Retype the entries, please, from their first line to the line containing "ТеремокЧто за домик", exactly and only those lines, minus the pictures.

--- EXCERPTED DATA Enclosed Below ---

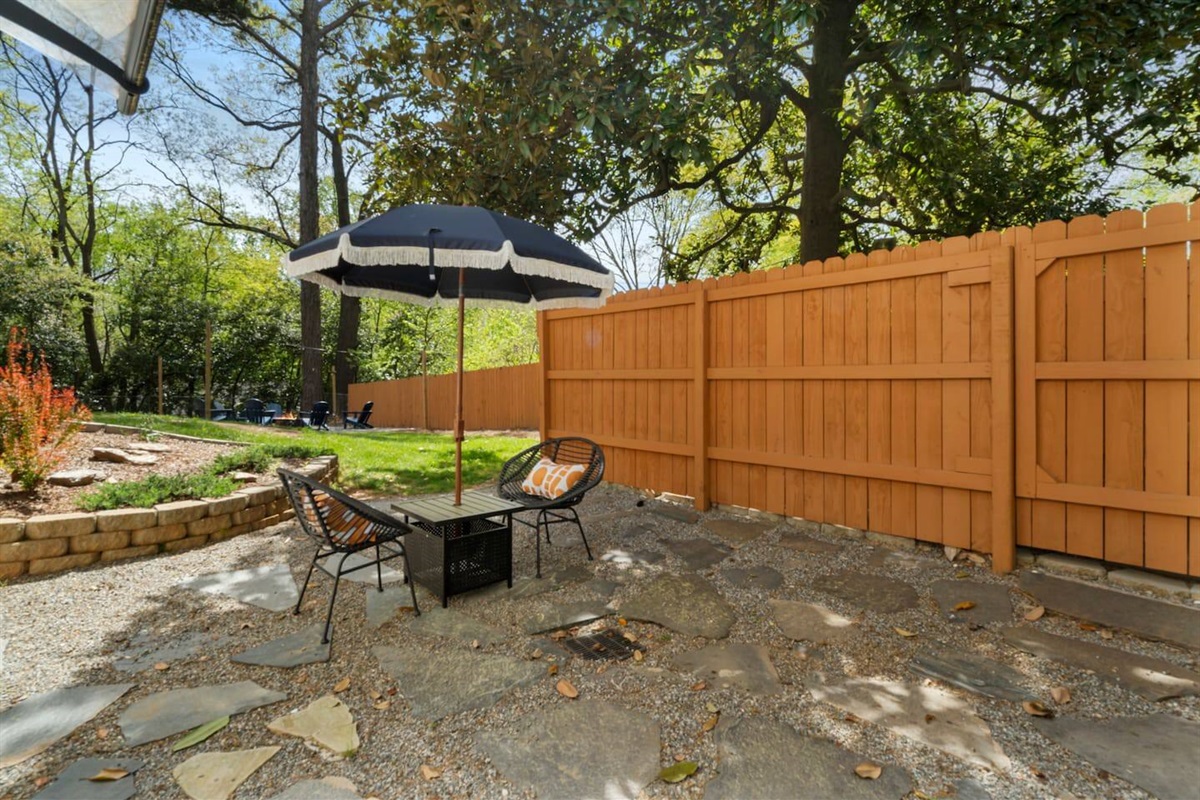 • Fire pit area with string lights
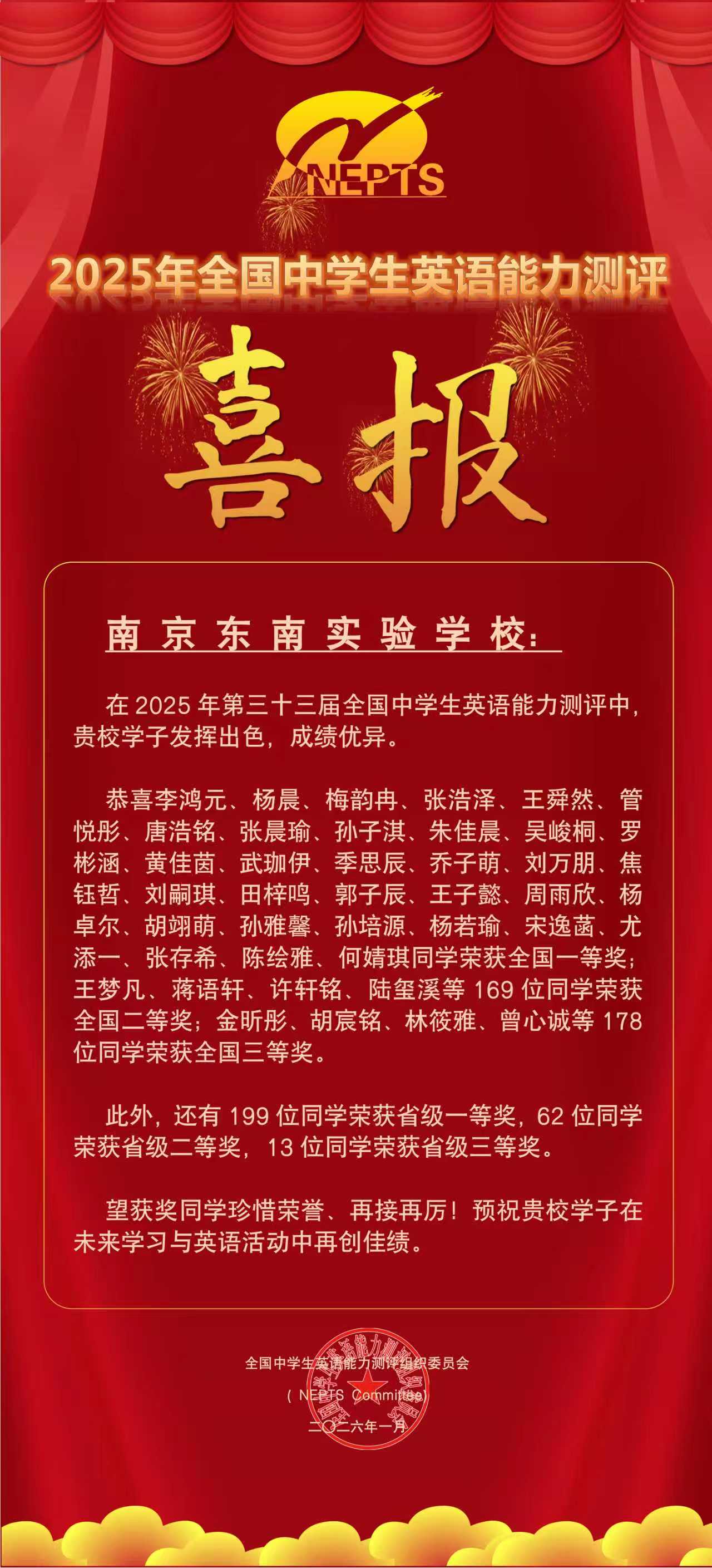 在2025 年第三十三届全国中学生英语能力测评(NEPTS)中,我校初中部学子凭借扎实的语言功底、出色的综合素养与沉稳的赛场表现,在全国及省级赛事中脱颖而出,斩获多项重磅荣誉,续写学校英语学科高质量发展新篇章!
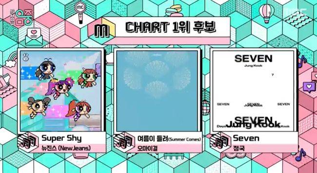 5일 오후 방송된 MBC '쇼! 음악중심'에서는 뉴진스와 오마이걸, 정국이 1위 후보에 올랐다.
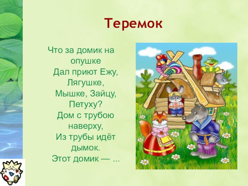 ТеремокЧто за домик на опушке Дал приют Ежу, Лягушке, Мышке, Зайцу, Петуху? Дом с трубою наверху, Из
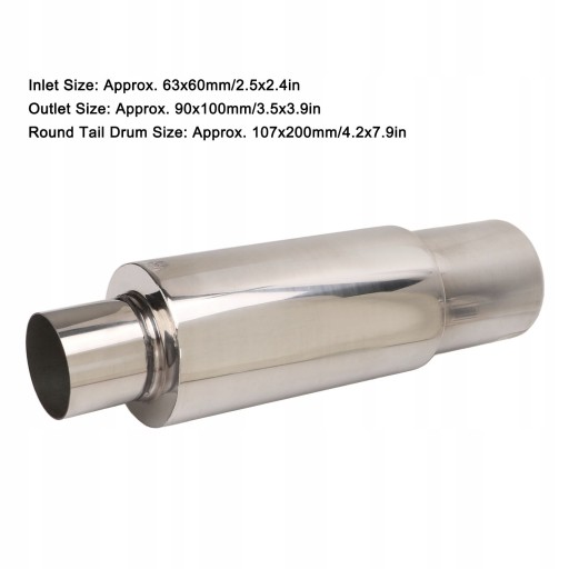 4. Rozmiar: rozmiar wlotu wynosi 63 x 60 mm/2,5 x 2,4 cala, rozmiar wylotu to 90 x 75 mm/3,5 x 3,0 cala, a rozmiar bębna z okrągłym ogonem to 101 x 200 mm/4,0 x 7,9 cala.
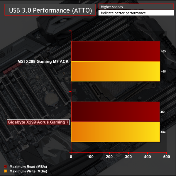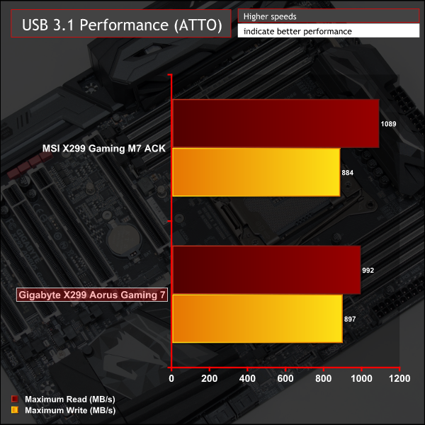 USB 3.0 performance met expectations but USB 3.1 was about 100 MB/s down where we'd expect it to be. Our only theory for this is that the rear USB 3.1 Type-A ports go over a Realtek Hub (RTS5423) rather than direct to an ASMedia ASM3142 controller, this clearly impacts performance. Not only is the peak throughput down but the results were a little bit more inconsistent too.
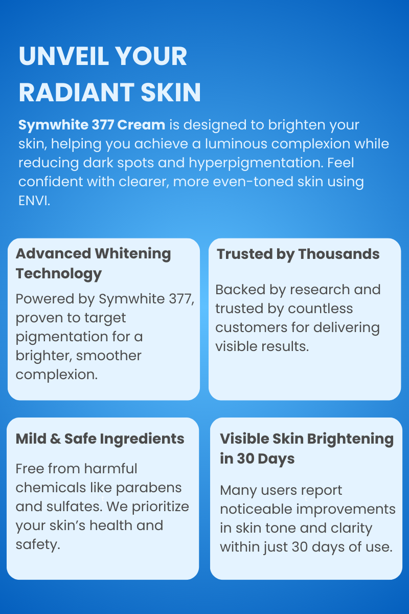 ✅Whitening: The cream contains SymWhite 377 which promotes a brighter complexion by inhibiting melanin production.
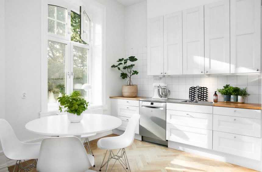 Белый может стать проблемой для тех, кто хочет использовать его для украшения своего дома. Белая мебель увеличит пространство, что особенно полезно для небольших кухонь. Если вы используете белую мебель, высокую и с зеркалами, это ощущение пространства будет еще более выраженным и придаст свежесть комнате.
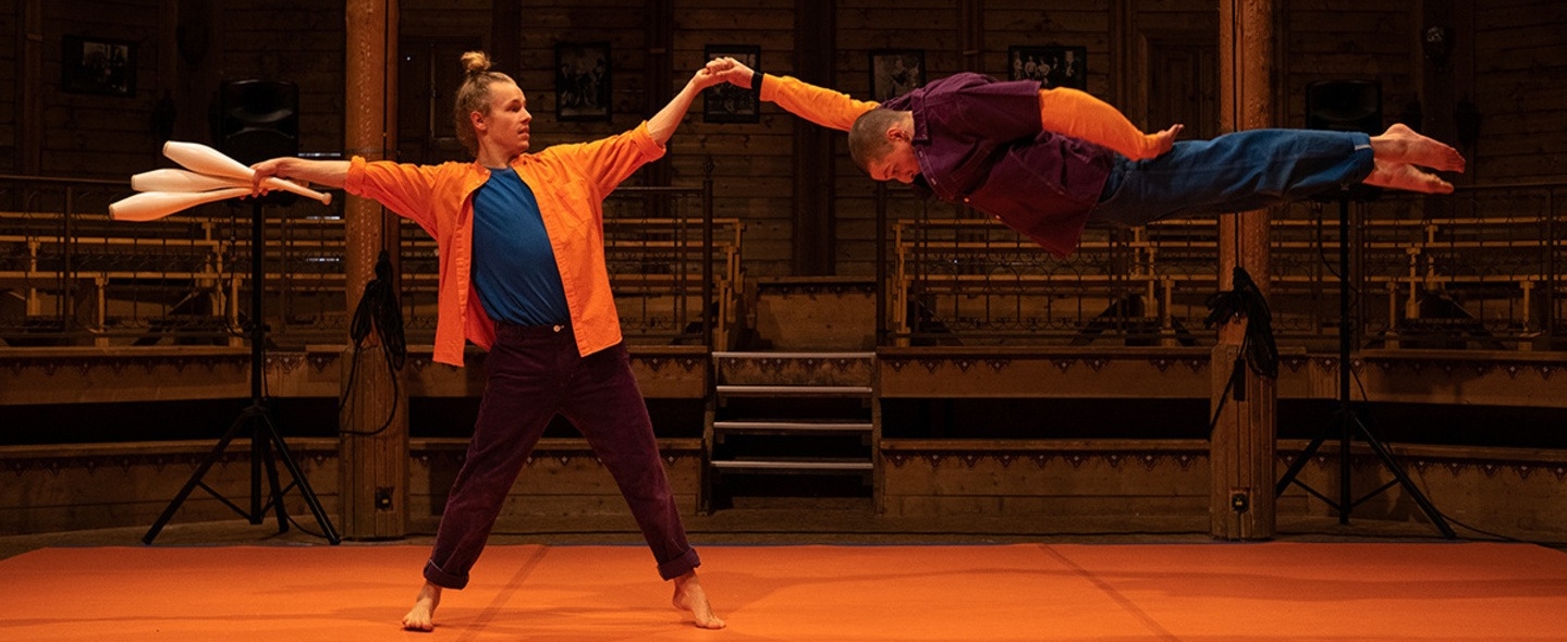 BasarKus n’est pas un être comme les autres ! Créature à deux têtes et multiples jambes, il a aussi plein de bras. D’aventures en aventures, il roule sur lui-même à l’infini. Il en a toujours été ainsi. Il est heureux comme ça, en parfaite harmonie avec lui-même. Mais en découvrant qu’il a deux cœurs, BasarKus s’interroge. Et s’ils étaient deux en réalité ? S’ils sont deux, ils semblent unis pour la vie ! Comme collés, inséparables et indivisibles… Plus forts, en sécurité. A deux ! Mais poussés par une furieuse curiosité, ils ne résistent pas à l’envie de se dissocier. C’est la chose la plus effrayante et excitante qu’ils aient jamais faite. Leurs jeux consistent désormais à surmonter leurs peurs et à expérimenter coûte que coûte la séparation. Au cours de leurs péripéties, ils découvrent qui ils sont et de quoi ils sont vraiment capables chacun, seuls. La Fabuleuse histoire de BasarKus est un duo virtuose et malicieux entre cirque et danse. Markus au jonglage et Basil en acrobatie. Ici, ils n’ont de cesse de créer des ponts entre leurs Arts poussant le dialogue jusqu’à la limite. La quête d’identité et la notion d’hybridité sont au centre de cette histoire. Passant de la symbiose à la séparation-individualisation. Où commence et où finit mon corps ? Qui est cet autre que moi ? Comment l’accepter ? Autant de questions qui construisent cette ode à la découverte de soi.
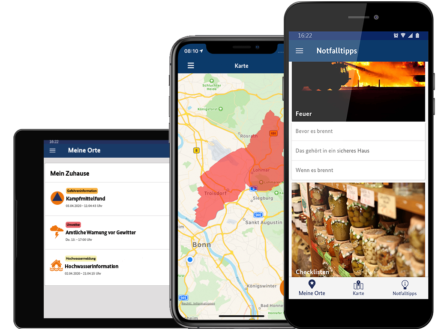 Mit der Notfall-Informations- und Nachrichten-App des Bundes, kurz Warn-App NINA, können Sie wichtige Warnmeldungen des Bevölkerungsschutzes für unterschiedliche Gefahrenlagen wie zum Beispiel Gefahrstoffausbreitung oder einem Großbrand erhalten. Optional auch für Ihren aktuellen Standort. Wetterwarnungen des Deutschen Wetterdienstes und Hochwasserinformationen der zuständigen Stellen der Bundesländer sind ebenfalls in die Warn-App integriert.

--- End of Enclosed EXCERPTED DATA ---

→ RESULT OF THE EXERCISE
 • Fire pit area with string lights
 在2025 年第三十三届全国中学生英语能力测评(NEPTS)中,我校初中部学子凭借扎实的语言功底、出色的综合素养与沉稳的赛场表现,在全国及省级赛事中脱颖而出,斩获多项重磅荣誉,续写学校英语学科高质量发展新篇章!
 5일 오후 방송된 MBC '쇼! 음악중심'에서는 뉴진스와 오마이걸, 정국이 1위 후보에 올랐다.
 ТеремокЧто за домик на опушке Дал приют Ежу, Лягушке, Мышке, Зайцу, Петуху? Дом с трубою наверху, Из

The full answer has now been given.